In Mother Jones, David Corn shows the state of play between the Central Intelligence Agency and the senate committee that is responsible for oversight of the CIA:
Sen. Dianne Feinstein (D-Calif.), the chair of the Senate intelligence committee, took to the Senate floor and accused the CIA of spying on committee investigators tasked with probing the agency’s past use of harsh interrogation techniques (a.k.a. torture) and detention. Feinstein was responding to recent media stories reporting that the CIA had accessed computers used by intelligence committee staffers working on the committee’s investigation. The computers were set up by the CIA in a locked room in a secure facility separate from its headquarters, and CIA documents relevant to the inquiry were placed on these computers for the Senate investigators. But, it turns out, the Senate sleuths had also uncovered an internal CIA memo reviewing the interrogation program that had not been turned over by the agency. This document was far more critical of the interrogation program than the CIA’s official rebuttal to a still-classified, 6,300-page Senate intelligence committee report that slams it, and the CIA wanted to find out how the Senate investigators had gotten their mitts on this damaging memo.
The CIA’s infiltration of the Senate’s torture probe was a possible constitutional violation and perhaps a criminal one, too. The agency’s inspector general and the Justice Department have begun inquiries. And as the story recently broke, CIA sources — no names, please — told reporters that the real issue was whether the Senate investigators had hacked the CIA to obtain the internal review. Readers of the few newspaper stories on all this did not have to peer too far between the lines to discern a classic Washington battle was under way between Langley and Capitol Hill.
So here we have the person assigned the duty of guaranteeing that the intelligence establishment functions effectively and appropriately, and she cannot get information about how the CIA meddled in one of her own investigations. This is a serious breakdown. And by the way, Feinstein has still not succeeded in forcing the CIA to declassify her committee’s massive report on the interrogation and detention program.
Here is how she summed up the current state of play:
If the Senate can declassify this report, we will be able to ensure that an un-American, brutal program of detention and interrogation will never again be considered or permitted. But, Mr. President, the recent actions that I have just laid out make this a defining moment for the oversight of our intelligence committee. How Congress and how this will be resolved will show whether the intelligence committee can be effective in monitoring and investigating our nation’s intelligence activities or whether our work can be thwarted by those we oversee.
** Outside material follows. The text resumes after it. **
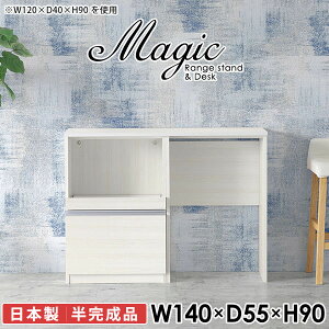 キッチンをスマートに。ゴミ箱収納スペース付きレンジボードmagic レンジ台×作業台 W140×D55×H90 木目サイズサイズ:約幅1400 奥行き550 高さ900 mm材質[天板・スライド棚]メラミン樹脂化粧合板[前板]ブラウン...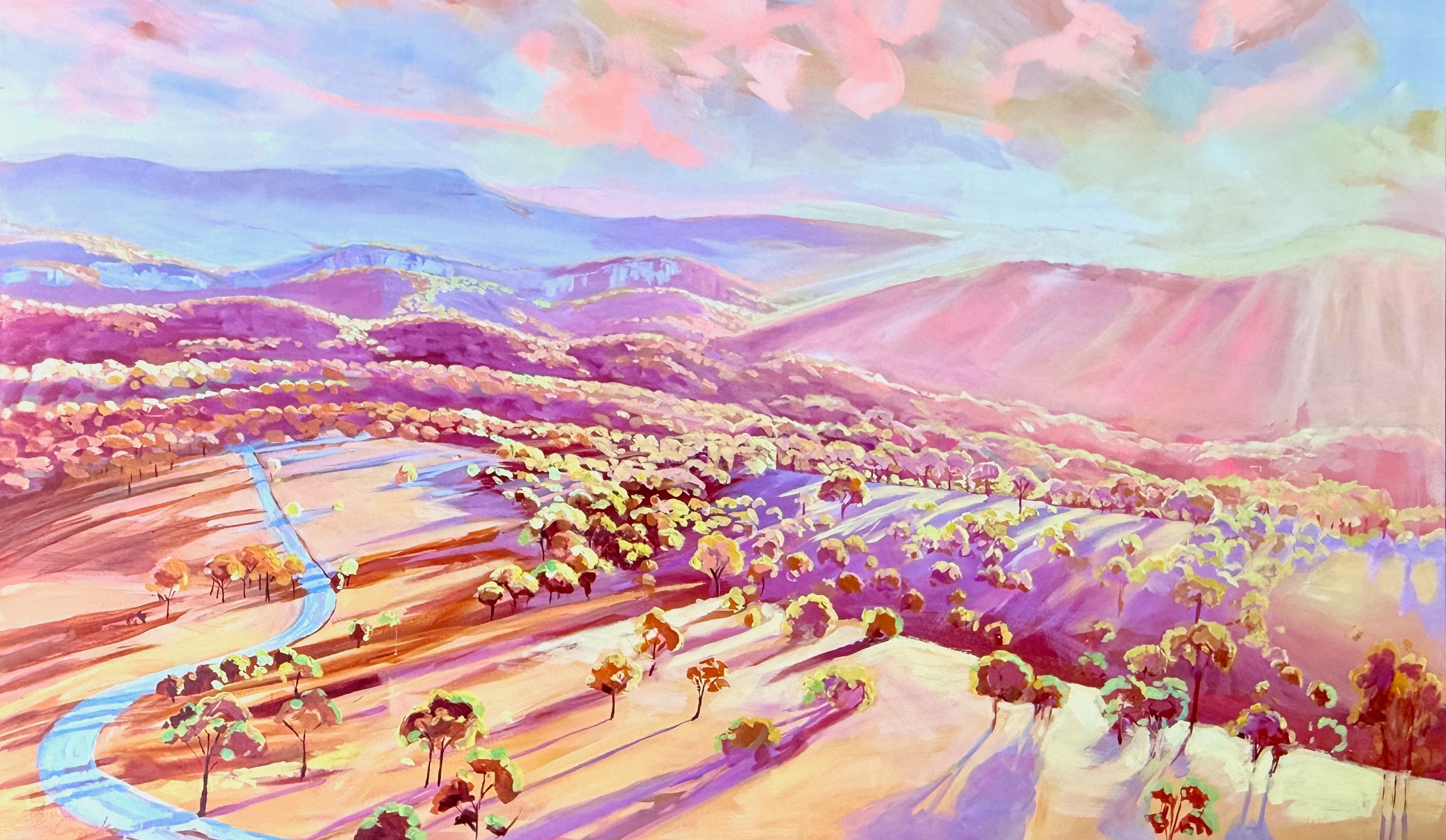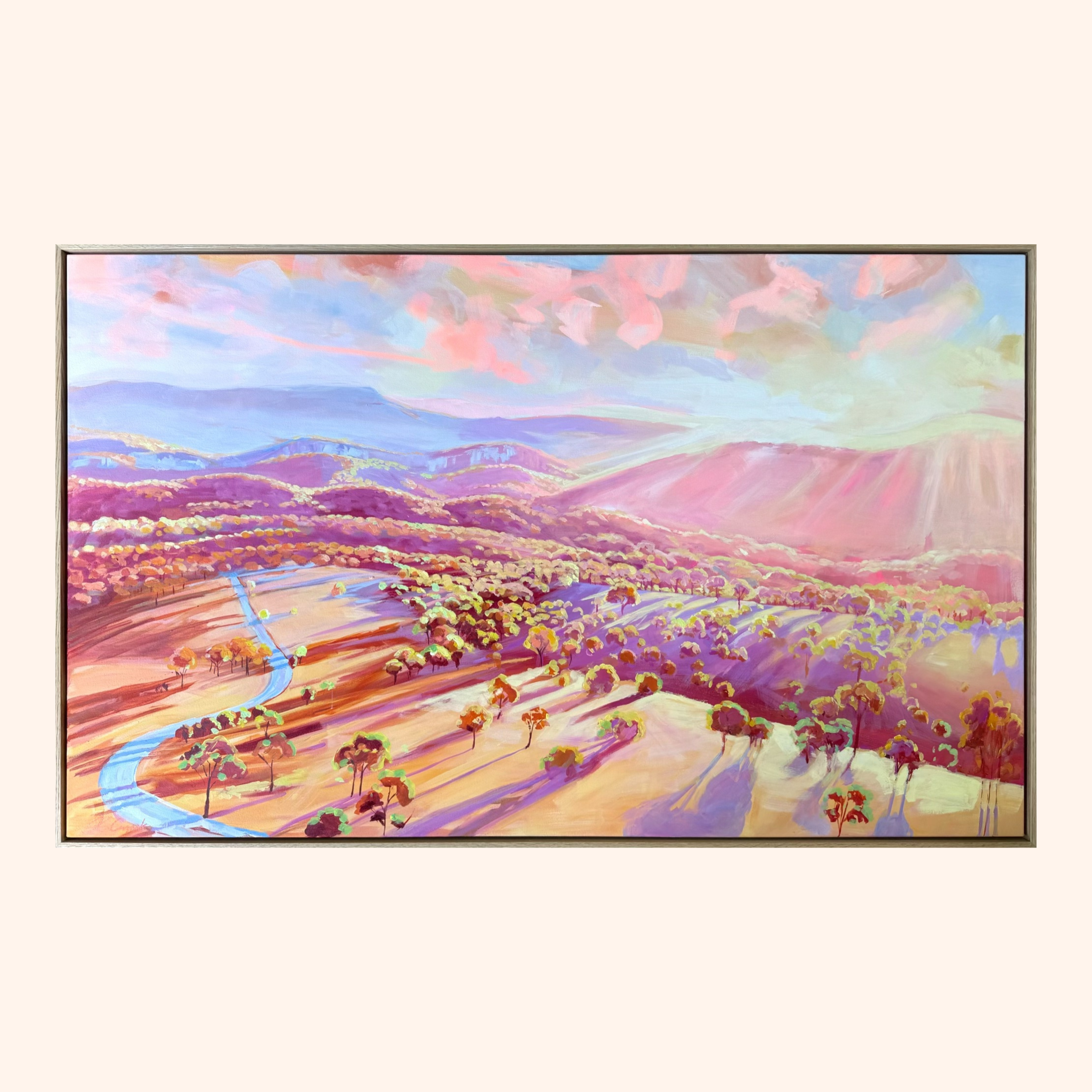 153 x 93cm. Acrylic on canvas, framed in Tasmanian Oak.

What Feinstein didn’t say — but it’s surely implied — is that without effective monitoring, secret government cannot be justified in a democracy. This is indeed a defining moment. It’s a big deal for President Barack Obama, who, as is often noted in these situations, once upon a time taught constitutional law. Feinstein has ripped open a scab to reveal a deep wound that has been festering for decades. The president needs to respond in a way that demonstrates he is serious about making the system work and restoring faith in the oversight of the intelligence establishment. This is more than a spies-versus-pols DC turf battle. It is a constitutional crisis.